**AIM OF THE TASK**. An exact copy of all the lines below is required, with every image left out.
───── PROVIDED DATA ─────
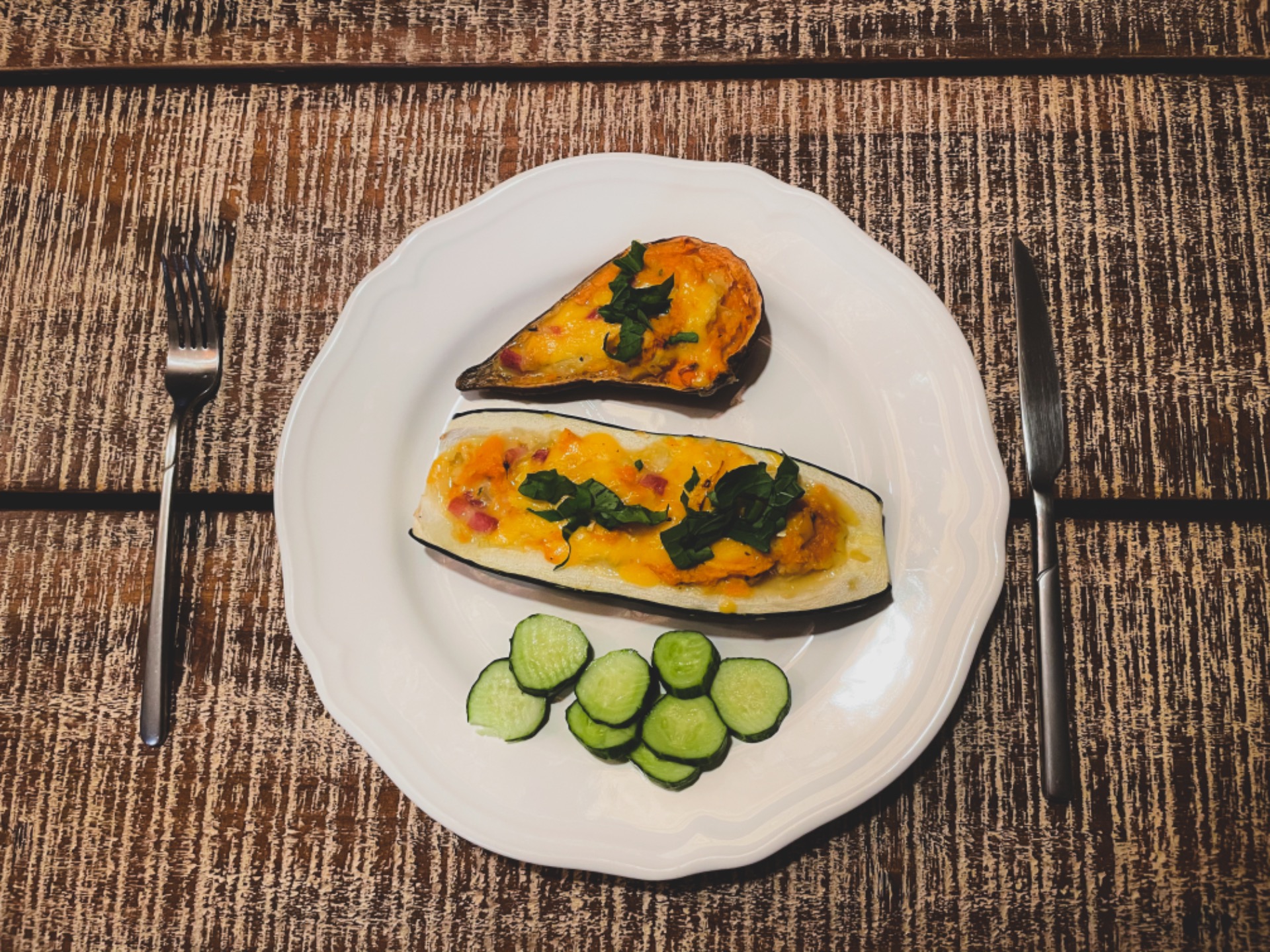 Na panvičke si na troche olivového oleja orestuj slaninku s cibuľou. Keď už bude cibuľka sklovitá pridaj aj vnútro z cukiet. Restuj ešte 2 minútky a všetko spolu daj do misky. Pridaj vajíčka, soľ (použila som aj trochu bylinkovej soli), čierne korenie a na špičku lyžičky kurkumi (veľmi rada používam zmes Power Tumeric od Powerlogy). Všetko dobre zmiešaj.
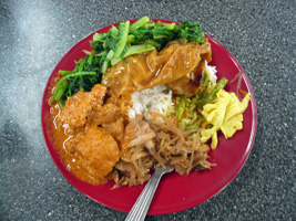 | 5時間後に予約(展望台は無料のようです)してBukit Bintangに向いましょう。結構距離あるのね....。え〜昼間なのでつまらないです。お昼の時間なのでBB Plazaのフードコートで一番混んでいるお店をチョイスしてお食事。 |
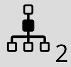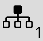 Kořenový projekt má vyplněný horní uzel a tři prázdné uzly dole. Kořenový projekt má vždy jen dceřiné projekty. Číslo u ikony zobrazuje počet přímých podprojektů (dceřiných projektů v první úrovni). Číslo u ikony bude vždy minimálně 1.
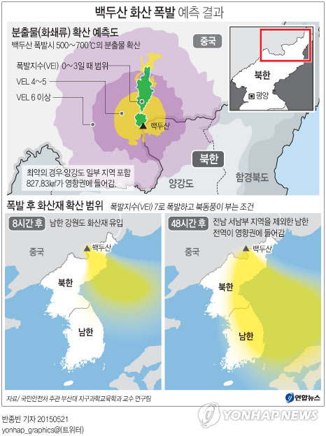 백두산이 폭발할 경우 가장 직접적인 피해를 입는 지역은 북한의 양강도와 중국의 지린성 일대이다. 그러나 화산재는 기류에 따라 남한 지역까지 내려올 수 있으며, 특히 수도권의 공항, 교통, 통신망에 큰 영향을 미칠 수 있다. 심한 경우 수돗물 오염, 정전, 대기 오염 등으로 이어지며 국민 건강에도 심각한 위협이 된다.
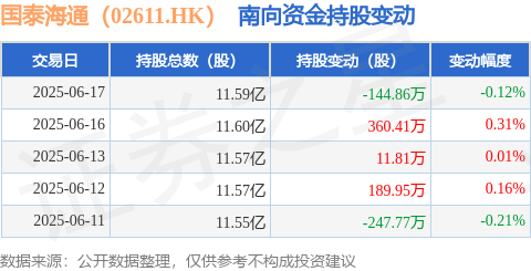 国泰海通(02611.HK):6月17日南向资金减持144.86万股
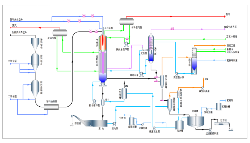 气流床气化炉:反应温度高,适用于粉状生物质。可获得低焦油、高纯度合成气,碳转化率高,适合大型绿色甲醇项目。
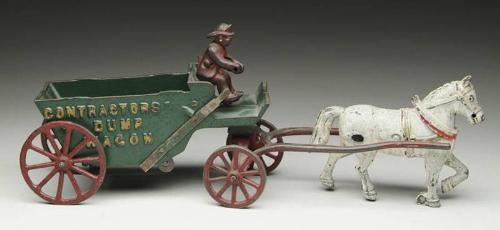 HORSE DRAWN CONTRACTORS DUMP WAGON. A contractors green dump wagon and when lever is open bottom of dump truck opens. Has red wheels and white horse. SIZE: 15" l. CONDITION: Wagon has wrong figure, some chipping and wear to horse and wagon. Overall good condition. 1-5831 MC
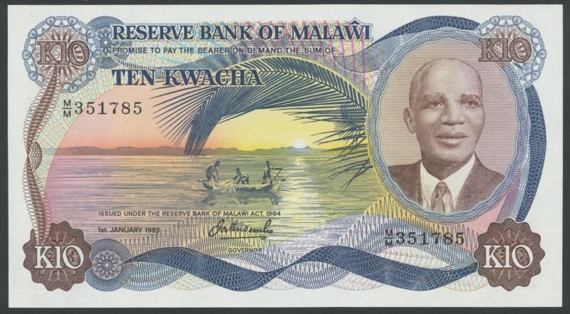 (x) Reserve Bank of Malawi, 10 Kwacha, 1 January 1983, blue and brown on multicoloured underprint, Dr Hastings Banda at right, fishermen on Lake Malawi at left, reverse capital buildings, Lilongwe,
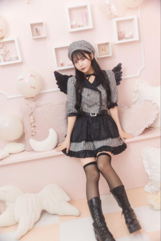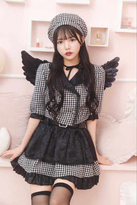 千鳥格子柄やジャケットスタイルを取り入れた、上品なデビルコスチューム。前から見ても後ろから見ても可愛い、存在感のある大きな羽根が魅力です。
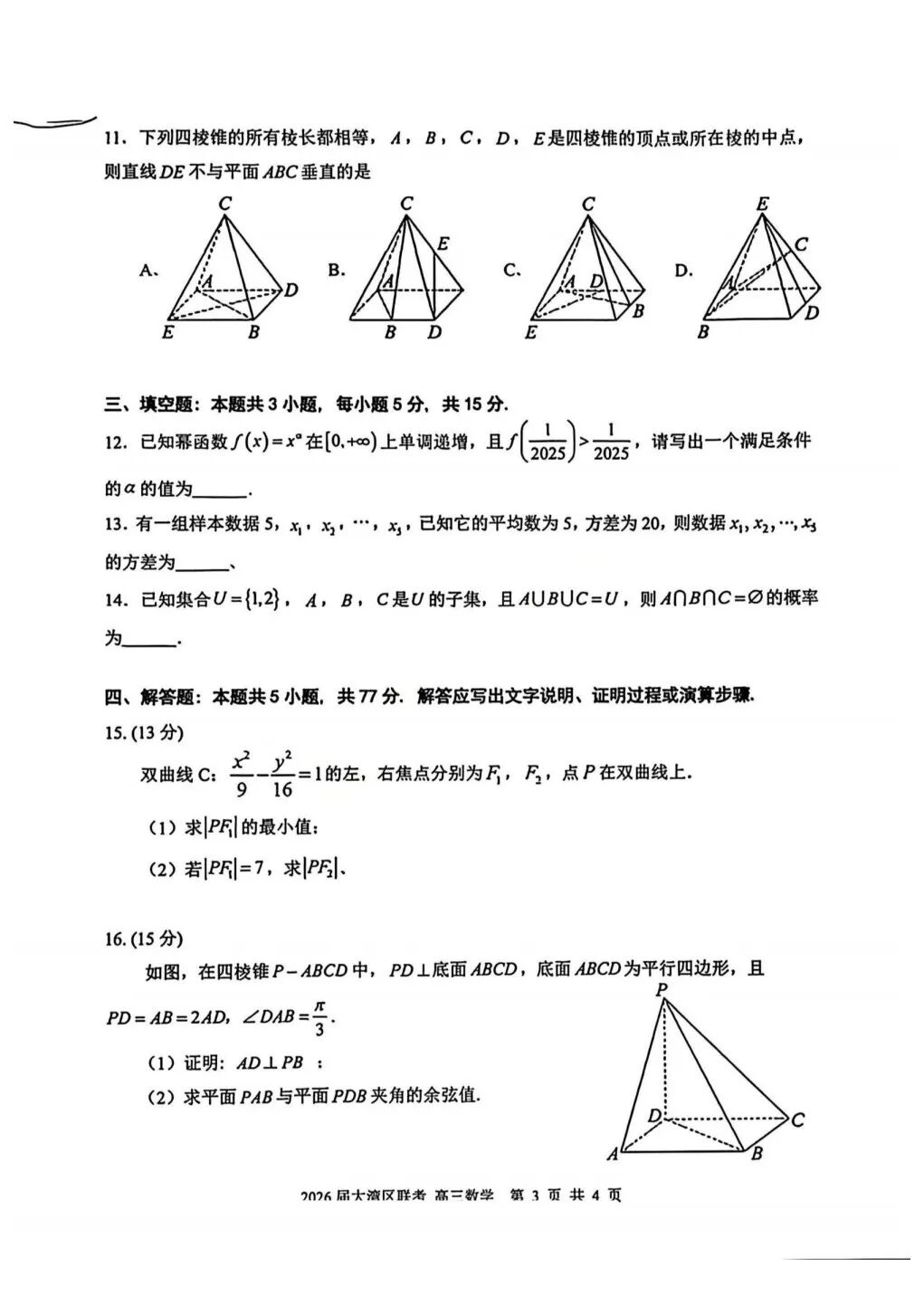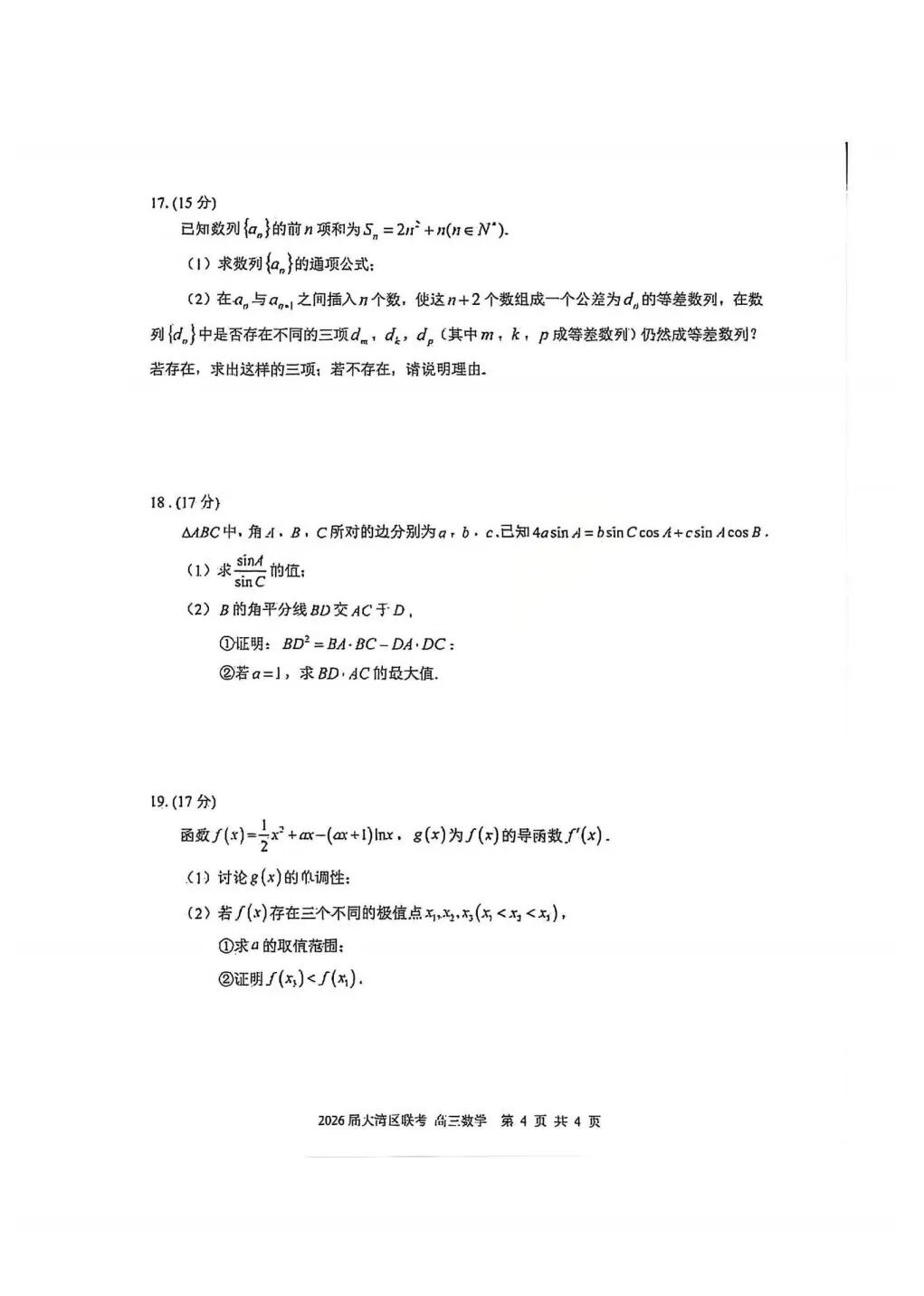 高中数学| 重庆市南开中学2026届高三第二次质量检测数学试卷及答案
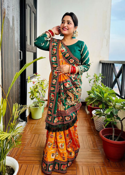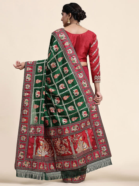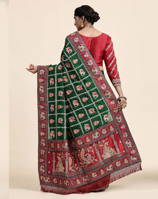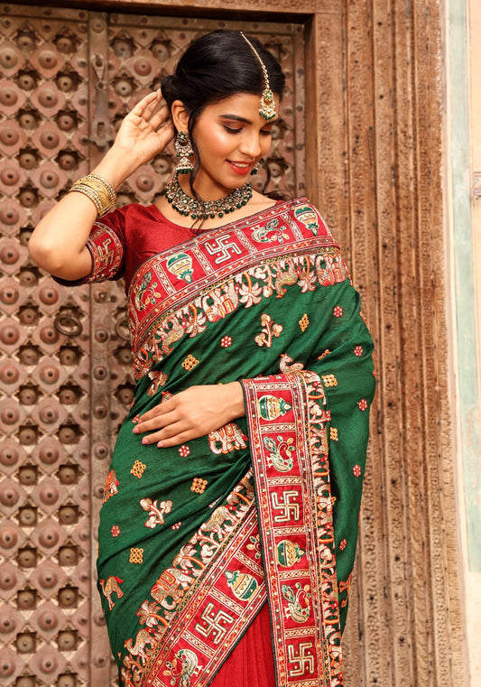 Green Red Color Panetar Patola Saubhagyavati Bhava Kalash Wedding & Special Occasion Saree
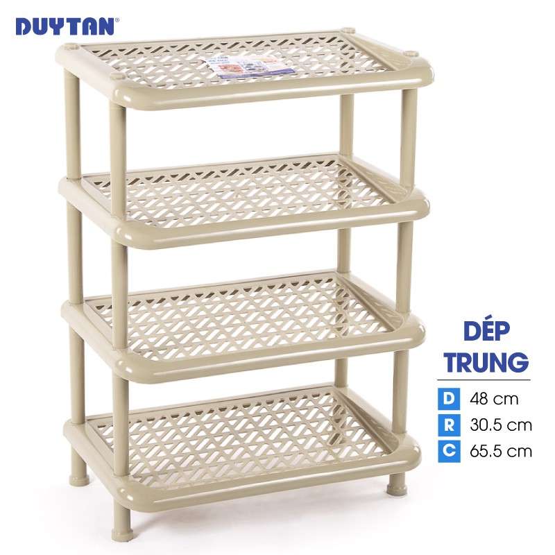 Kệ Dép Trung Duy Tân 4 Tầng - Kích thước 48 x 30.5 x 65.5 cmKệ dép Duy Tân - 4 tầng với thiết kế hiện đại, gọn nhẹ nhưng lại rất chắc chắn sẽ giúp bạn bảo quản và cất giữ giày dép của gia đình một cách ngăn nắp, tránh việc thất lạc trong quá trình sử dụng và nhà cửa cũng không còn bề bộn. Kệ với màu sắc tươi sáng và họa tiết trang nhã sẽ góp phần tô điểm cho không gian sống của gia đình bạn.
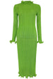 This Pleats Please skirt suit is light, soft, and easy to wear. The fresh green color gives it a lively and modern look, while the pleated fabric is wrinkle-free and comfortable. The A-line skirt makes the body look slimmer and taller, and the matching top completes the outfit with simple elegance.
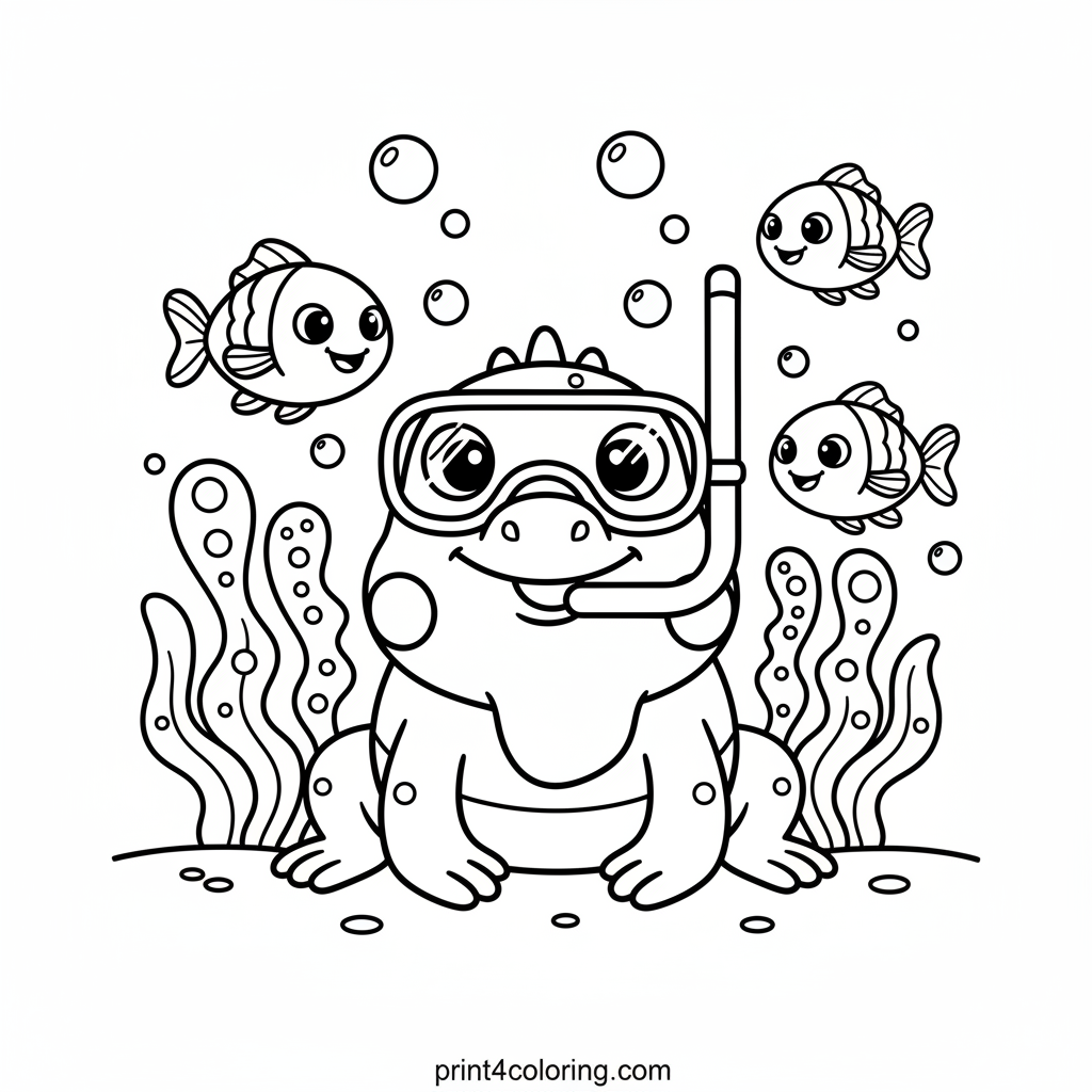 Dive into a vibrant underwater world with our friendly iguana! Sporting a tiny snorkel and goggles, this curious explorer swims gracefully alongside happy fish and through bubbly green seaweed. Imagine the bright colors you'll use to bring this clear ocean scene to life, discovering the wonders beneath the waves with your new reptilian pal.
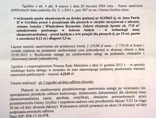 6. Odpowiedź Ad4 również jest niespójna ze stanem faktycznym. Zapytanie do Generalnego Wykonawcy drogi w sprawie progów zwalniających wystosowano 22.05.2015. Zlecenie montażu pasów akustycznych datowane jest na dzień 26.05.2015. Wcześniej musiano zgodnie z przytaczaną procedurą wystąpić do innych wykonawców tych rozwiązań z zapytaniem ofertowym, aby wybrać najkorzystniejszą ofertę. Trudno zatem zgodzić się z wyjaśnieniem jakoby to czas odpowiedzi na wniosek UMiG Gryfino do Generalnego Wykonawcy drogi był przesłanką do zastosowania „alternatywnego” rozwiązania w postaci pasów akustycznych.
─────
**RESULT OF THE EXERCISE**.
 Na panvičke si na troche olivového oleja orestuj slaninku s cibuľou. Keď už bude cibuľka sklovitá pridaj aj vnútro z cukiet. Restuj ešte 2 minútky a všetko spolu daj do misky. Pridaj vajíčka, soľ (použila som aj trochu bylinkovej soli), čierne korenie a na špičku lyžičky kurkumi (veľmi rada používam zmes Power Tumeric od Powerlogy). Všetko dobre zmiešaj.
 | 5時間後に予約(展望台は無料のようです)してBukit Bintangに向いましょう。結構距離あるのね....。え〜昼間なのでつまらないです。お昼の時間なのでBB Plazaのフードコートで一番混んでいるお店をチョイスしてお食事。 |
 Kořenový projekt má vyplněný horní uzel a tři prázdné uzly dole. Kořenový projekt má vždy jen dceřiné projekty. Číslo u ikony zobrazuje počet přímých podprojektů (dceřiných projektů v první úrovni). Číslo u ikony bude vždy minimálně 1.
 백두산이 폭발할 경우 가장 직접적인 피해를 입는 지역은 북한의 양강도와 중국의 지린성 일대이다. 그러나 화산재는 기류에 따라 남한 지역까지 내려올 수 있으며, 특히 수도권의 공항, 교통, 통신망에 큰 영향을 미칠 수 있다. 심한 경우 수돗물 오염, 정전, 대기 오염 등으로 이어지며 국민 건강에도 심각한 위협이 된다.
 国泰海通(02611.HK):6月17日南向资金减持144.86万股
 气流床气化炉:反应温度高,适用于粉状生物质。可获得低焦油、高纯度合成气,碳转化率高,适合大型绿色甲醇项目。
 HORSE DRAWN CONTRACTORS DUMP WAGON. A contractors green dump wagon and when lever is open bottom of dump truck opens. Has red wheels and white horse. SIZE: 15" l. CONDITION: Wagon has wrong figure, some chipping and wear to horse and wagon. Overall good condition. 1-5831 MC
 (x) Reserve Bank of Malawi, 10 Kwacha, 1 January 1983, blue and brown on multicoloured underprint, Dr Hastings Banda at right, fishermen on Lake Malawi at left, reverse capital buildings, Lilongwe,
 千鳥格子柄やジャケットスタイルを取り入れた、上品なデビルコスチューム。前から見ても後ろから見ても可愛い、存在感のある大きな羽根が魅力です。
 高中数学| 重庆市南开中学2026届高三第二次质量检测数学试卷及答案
 Green Red Color Panetar Patola Saubhagyavati Bhava Kalash Wedding & Special Occasion Saree
 Kệ Dép Trung Duy Tân 4 Tầng - Kích thước 48 x 30.5 x 65.5 cmKệ dép Duy Tân - 4 tầng với thiết kế hiện đại, gọn nhẹ nhưng lại rất chắc chắn sẽ giúp bạn bảo quản và cất giữ giày dép của gia đình một cách ngăn nắp, tránh việc thất lạc trong quá trình sử dụng và nhà cửa cũng không còn bề bộn. Kệ với màu sắc tươi sáng và họa tiết trang nhã sẽ góp phần tô điểm cho không gian sống của gia đình bạn.
 This Pleats Please skirt suit is light, soft, and easy to wear. The fresh green color gives it a lively and modern look, while the pleated fabric is wrinkle-free and comfortable. The A-line skirt makes the body look slimmer and taller, and the matching top completes the outfit with simple elegance.
 Dive into a vibrant underwater world with our friendly iguana! Sporting a tiny snorkel and goggles, this curious explorer swims gracefully alongside happy fish and through bubbly green seaweed. Imagine the bright colors you'll use to bring this clear ocean scene to life, discovering the wonders beneath the waves with your new reptilian pal.
 6. Odpowiedź Ad4 również jest niespójna ze stanem faktycznym. Zapytanie do Generalnego Wykonawcy drogi w sprawie progów zwalniających wystosowano 22.05.2015. Zlecenie montażu pasów akustycznych datowane jest na dzień 26.05.2015. Wcześniej musiano zgodnie z przytaczaną procedurą wystąpić do innych wykonawców tych rozwiązań z zapytaniem ofertowym, aby wybrać najkorzystniejszą ofertę. Trudno zatem zgodzić się z wyjaśnieniem jakoby to czas odpowiedzi na wniosek UMiG Gryfino do Generalnego Wykonawcy drogi był przesłanką do zastosowania „alternatywnego” rozwiązania w postaci pasów akustycznych.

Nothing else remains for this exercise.